Дэнис порывисто обнял его за шею. Когда все вышли к коновязи, Робин быстро оседлал Воина, Клэренс подошла к нему и поддержала стремя.

– Иди к Виллу, Клэр, – тихо сказал Робин, положив ладонь на светловолосую, ничем не покрытую голову сестры. – Скажи ему добрые слова перед расставанием.

– Я уже простилась с ним, – ответила Клэренс и, запрокинув голову, посмотрела на Робина и поцеловала его руку: – Храни вас Бог! Мы все будем молиться за вас, ожидая вашего возвращения!

Робин ласково провел ладонью по ее голове и пришпорил Воина.

Глава двадцатая


Дверь захлопнулась, заскрежетали засовы, шаги ратников, гулко звучавшие в коридоре подземелья, затихли.

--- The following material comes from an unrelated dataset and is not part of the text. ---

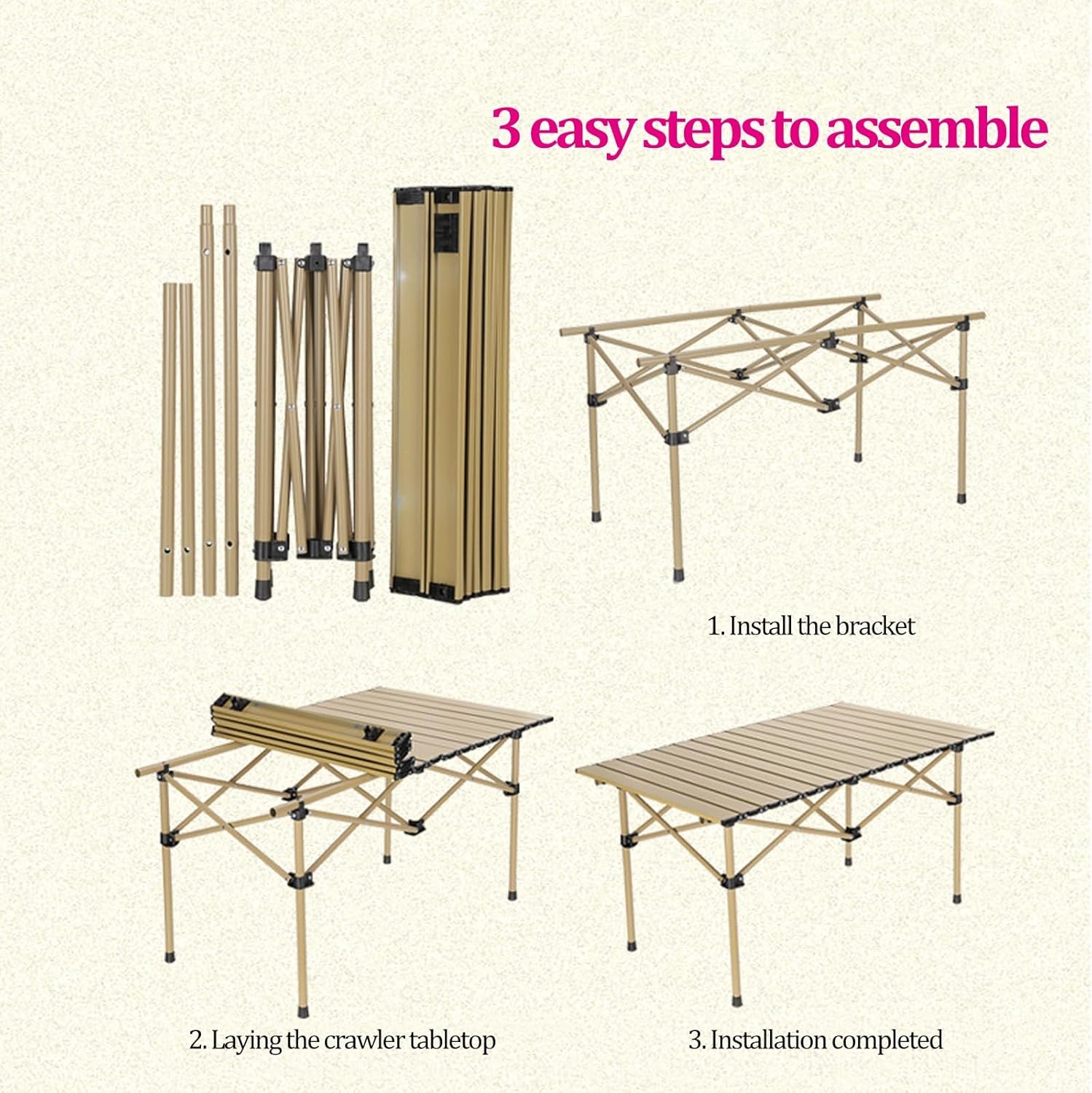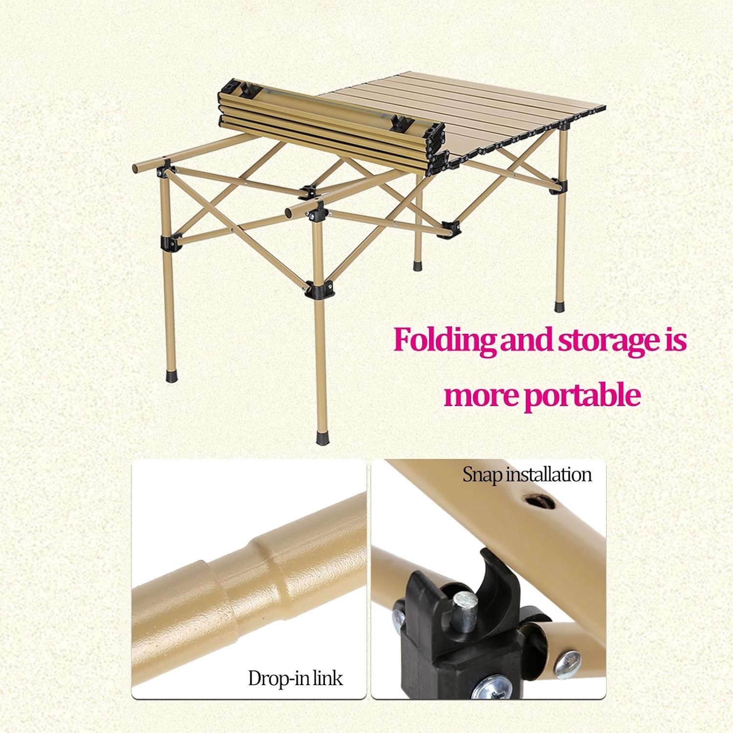 Fabricată din aluminiu rezistent și având o culoare elegantă bej, această masă oferă o combinație perfectă între funcționalitate, portabilitate și durabilitate.

Заметив оставленный ратниками кувшин, Вилл дотянулся до него и, найдя его почти полным, плеснул воду себе на ладонь. Едва прикасаясь, он стер кровь с лица Марианны и, увидев, что она пришла в себя и открыла глаза, осторожно приподнял ее и помог напиться. Опираясь на руки, Марианна села и прислонилась спиной к стене. Простое движение далось ей с большим трудом. Стиснув зубы, она закрыла глаза, пытаясь отдышаться. Глядя, как она дрожит в промокшем насквозь платье, – ее щедро обливали водой, стоило ей только потерять сознание, – Вилл расшнуровал свою куртку на волчьем меху. Не придумав, как ее снять, чтобы укрыть Марианну, он уже хотел порвать куртку на плечах, как пальцы Марианны легли ему на запястье. Вилл повернул к ней голову: Марианна пристально смотрела на него глазами, в которых мерцала сталь.

– Теперь скажи мне правду, – потребовала она. – Ты действительно указал на карте правильное расположение постов или прав был Гай, заподозрив тебя в обмане?

Вилл усмехнулся, глядя на нее, настойчиво ожидавшую ответа.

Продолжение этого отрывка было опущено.